Sauna had been practiced for centuries in Finland, and Finnish immigrants to the United States in the late nineteenth and early twentieth centuries did not want to leave sauna behind. Often the first structure they built on their new rural property was a sauna, which they could live and bathe in while they built their other farm buildings. That was the case with the Barberg–Selvälä–Salmonson Sauna.

Finns first came to the Cokato area in 1865, looking for available farmland. Three Finnish families—the Barbergs (also known as the Barbas), Selväläs, and Salmonsons—were among the town's earliest settlers, moving onto their adjoining homesteads by 1868. That year, the families agreed to build a shared savusauna along the property line between the Barberg and Selvälä farms.

Traditionally sauna occurred at least once a week, often on Saturday nights, throughout the year. The simple savusauna was a wood building with a hearth inside. The hearth was covered with rocks that could be heated to great temperatures. Also inside was a wooden platform for bathers to sit or lie on, near the roof to maximize the savusauna's heat. Steps and a lower bench were available for those who did not want the maximum temperature. A fire burned in the savusauna's hearth during the day and then was put out, allowing the smoke in the sauna to dissipate before bathing. The hearth's heated rocks kept the sauna warm for hours after the fire was put out and provided heat for the bathing that followed.

Sauna users like the Barbergs, Selväläs, and Salmonsons sat in the structure long enough to sweat and then cooled off by going outside or rinsing with cold water or snow, if available. They would repeat the process as needed. Bathers also used whisks made of flexible birch branches to beat and stimulate the skin, which caused cleansing through exfoliation.

Non-Finns in Cokato and elsewhere were unfamiliar with sauna. They did not know what their Finnish neighbors were doing in sauna buildings, which looked to them like strange little huts, and there was great speculation. Adding to the controversy was the standard practice of taking sauna and cooling off naked, often outside in the air if the sauna did not have a separate dressing room, which many early Minnesota savusaunas did not. The Barberg-Selvälä-Salmonson sauna was one of these, so the families cooled themselves in the fresh air, naked. This was fine when their property was remote, but it caused quite a stir as Cokato grew and one of the major town roads was laid out along the Barberg-Selvala property line, right next to the sauna.

In 1885 the controversy over the Barberg–Selvälä–Salmonson sauna went to court. Members of the community accused the Selvälä family, who had bought the Barberg and Salmonson families out of their shares of the sauna by then, of strange religious or other practices related to their sauna use. The Selväläs proved to the court that they were upstanding citizens and good Lutherans, and that they were just using the sauna to get clean; they won $30 in damages for the accusations made against them. However the Selväläs were ordered by the court to move their sauna to a more private location on their property, away from the road. They were given an additional $40 to do so. Nils Selvälä moved the sauna, but used it from then on as a shed, taking the money his family had won in court to build a bigger, nicer sauna elsewhere on their property.

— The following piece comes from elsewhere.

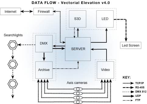 When a request reaches the head of the queue, the data is sent to a 3D DMX application. This application knows the exact 3D position of each searchlight thanks to a calibration performed with GPS surveying. The DMX application sends appropriate DMX commands over a wireless signal to the 20 Syncrolite SX10K searchlights to direct them to the desired location. The SX10Ks are new-generation 10kW xenon robotic fixtures that produce a very collimated lightbeam.

In 1979 the original 1868 savusauna, which had been moved a number of times since the 1880s, was moved one last time to Cokato's Temperance Corner, named for the Cokato Temperance Hall that has stood there since 1896. The original savusauna became one of a group of buildings celebrating the Finnish heritage of many in the region, and now it is cared for by the Cokato Finnish American Historical Society. In 2008 the savusauna was repaired and fully restored to its original appearance.